I hope next week is cloudy / slash drizzly rain ALL WEEK!


----------



## M.Magis (Apr 5, 2004)

BaddFish said:


> No... not quite. I was just out last night and had a shooter buck filling his stomach in a bean field while a big doe and her two yearlings walked right in beside him... he paid her no attention.
> 
> IMO- the full moon helps them to be more nocturnal... but it tends to get them on their feet a little earlier in the evening. The clear skies last night was just way too bright.. they didn't start showing up until almost 7:00.
> I hope next week is cloudy / slash drizzly rain ALL WEEK!


And I could list a hundred instances that show the opposite is true, but that doesn't make me right either. The moon theories have become a good excuse of the years for poor hunting, but in the end they mean nothing.


----------



## crittergitter (Jun 9, 2005)

I hate hunting in the rain. I hope we have high pressure and cool temps all week. 

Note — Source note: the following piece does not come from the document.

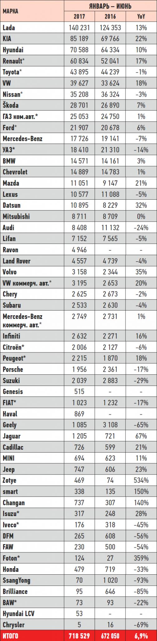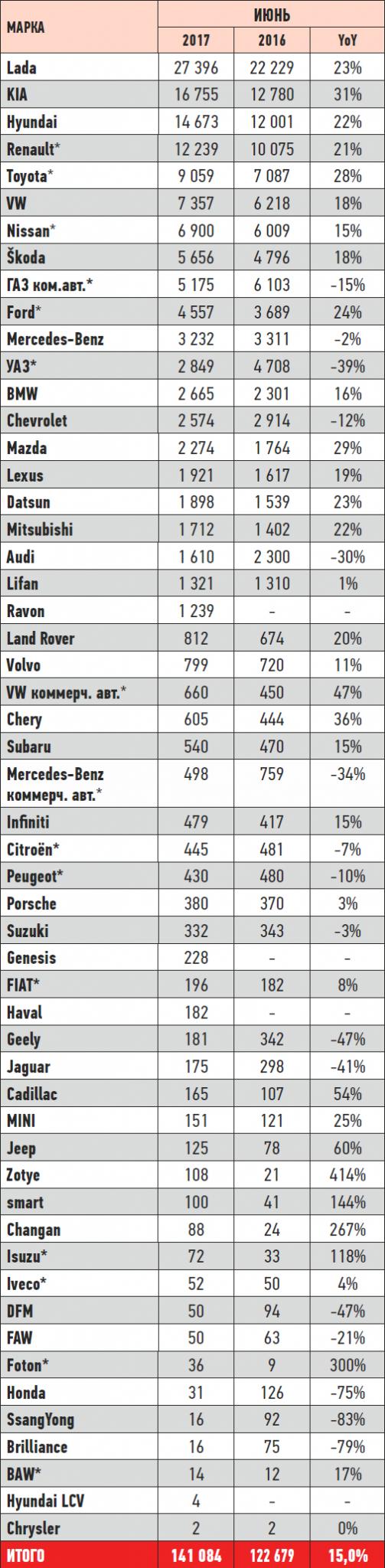 «Российский автомобильный рынок продолжает восстанавливаться устойчивыми темпами. 15% рост в июне и 12% рост по итогам второго квартала почти заставляют нас забыть о медленном старте в начале года. Общие продажи за период с января по июнь увеличились на 6%, что очень близко к нашему первоначальному прогнозу на 2017 год, которого мы продолжаем придерживаться до сих пор».

The moon is not a significant factor in deer hunting. I believe weather is far more important. Then, hunting pressure, buck-to-doe ratio, forage availability etc. The moon is way down the list.


----------



## buckzye11 (Jul 16, 2009)

Thanks for the info. maybe the natives called it the hunters moon because they had enough light to hunt all night. Too bad for us that is not an option. I swear some wise old deer out there know this and take full advantage.


----------



## M.Magis (Apr 5, 2004)

I forgot to say that it's okay to believe in moon theories if someone wants to. I just don't like newcomers to be led to believe that it's scientific fact, when it's far from it. Jeff Marray is the hunting industries Madam Cleo. He made a lot of people believe and made some money from it, but it's all BS.


----------



## Snook (Aug 19, 2008)

I seen some young bucks "harassing" does in the Mosquito Refuge youth hunt Sun. The does are not ready yet but the bucks soon will be. As mentioned in an earlier post the first two weeks in November are usually the best no matter what. Bucks should start"cruising" good here in about a week. But as they say you can't shoot one sitting on the couch. Anytime your in the woods you have a chance.


----------



## Flippin 416 (Aug 18, 2005)

I was out this past Sunday afternoon...first time putting any kind of scent out this year. I had some 307 on a wick about 15 feet from the base of my tree.....about 6pm I had a 2.5yo 8 point show up about 40 yards from me. He caught the scent of the 307 and proceeded to work his way to the base of my tree....he lip curled 3 times on his way to my tree. He was on the scent but I believe it was more in curiosity rather than full on rutting activity....but cool to see nontheless. I agree that the first two weeks of Nov will be the prime time...the amount of daylight triggers it all!! You have to BE there to make it count. Good luck!!


----------



## buckzye11 (Jul 16, 2009)

Thanks for all the input, i have a half hour to hunt after work, next week i wont be able to hunt weekdays at all with the time change. i did see a small 6 pt last night about 200 yards away in a field. i thought what the heck, maybe his daddy is around too, and broke out the rattlin horns. that little guy came on a dead sprint straight to me! i dont know who he thought he was but he had some additude. on his way to me he made a sappling feel his wrath! fun to watch, but his daddy never showed up. i worked in concrete before and always got layed off around november. now i have a better job in a warehouse (money wise) but i dont get those all day hunts on a tuesday anymore. beginning next week im officially a weekend hunter


----------



## Fishstix (Aug 16, 2005)

You may see some smaller bucks harassing Does, but that's just child's play. Those bigger bucks won't be up and moving for another week. Any spare time in the next couple of week's should be spent in the woods. Good luck to all.


----------



## slick81702 (Jan 6, 2006)

hey buckzye, The big boy i stuck on friday after-noon came in on a bee line! top lip curled up and huffin through his nose!!!!!!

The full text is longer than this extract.